> DIRECTIONS: What are the lines, word for word, from the line with "AMI 아미 스몰패치 골지 라운드 니트 > 의류" up to and including the line with "String hyllsystem designat" in the records below? Omit the pictures.

> MATERIAL PROVIDED:

+ + + + +

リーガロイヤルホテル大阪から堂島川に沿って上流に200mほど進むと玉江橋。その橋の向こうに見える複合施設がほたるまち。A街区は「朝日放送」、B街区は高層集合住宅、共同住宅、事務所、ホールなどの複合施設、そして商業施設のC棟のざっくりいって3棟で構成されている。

+ + + + +

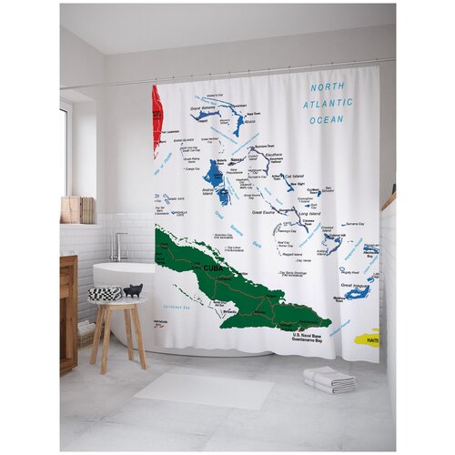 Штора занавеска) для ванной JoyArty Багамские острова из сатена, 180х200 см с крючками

+ + + + +

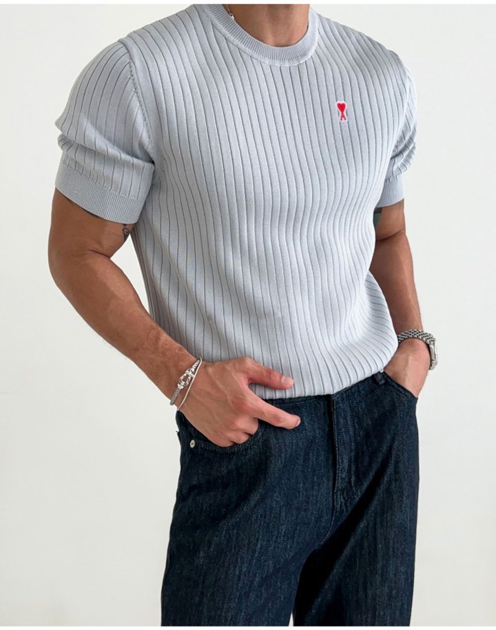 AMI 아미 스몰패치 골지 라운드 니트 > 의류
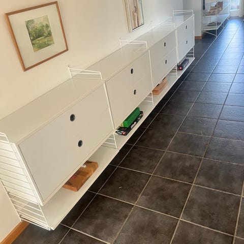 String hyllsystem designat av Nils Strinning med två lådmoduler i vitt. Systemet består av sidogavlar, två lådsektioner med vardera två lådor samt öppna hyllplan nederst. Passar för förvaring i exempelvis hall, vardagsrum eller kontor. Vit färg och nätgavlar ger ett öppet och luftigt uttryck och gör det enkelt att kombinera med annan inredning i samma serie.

+ + + + +

> OUTPUT FOR THIS EXERCISE:
 AMI 아미 스몰패치 골지 라운드 니트 > 의류
 String hyllsystem designat av Nils Strinning med två lådmoduler i vitt. Systemet består av sidogavlar, två lådsektioner med vardera två lådor samt öppna hyllplan nederst. Passar för förvaring i exempelvis hall, vardagsrum eller kontor. Vit färg och nätgavlar ger ett öppet och luftigt uttryck och gör det enkelt att kombinera med annan inredning i samma serie.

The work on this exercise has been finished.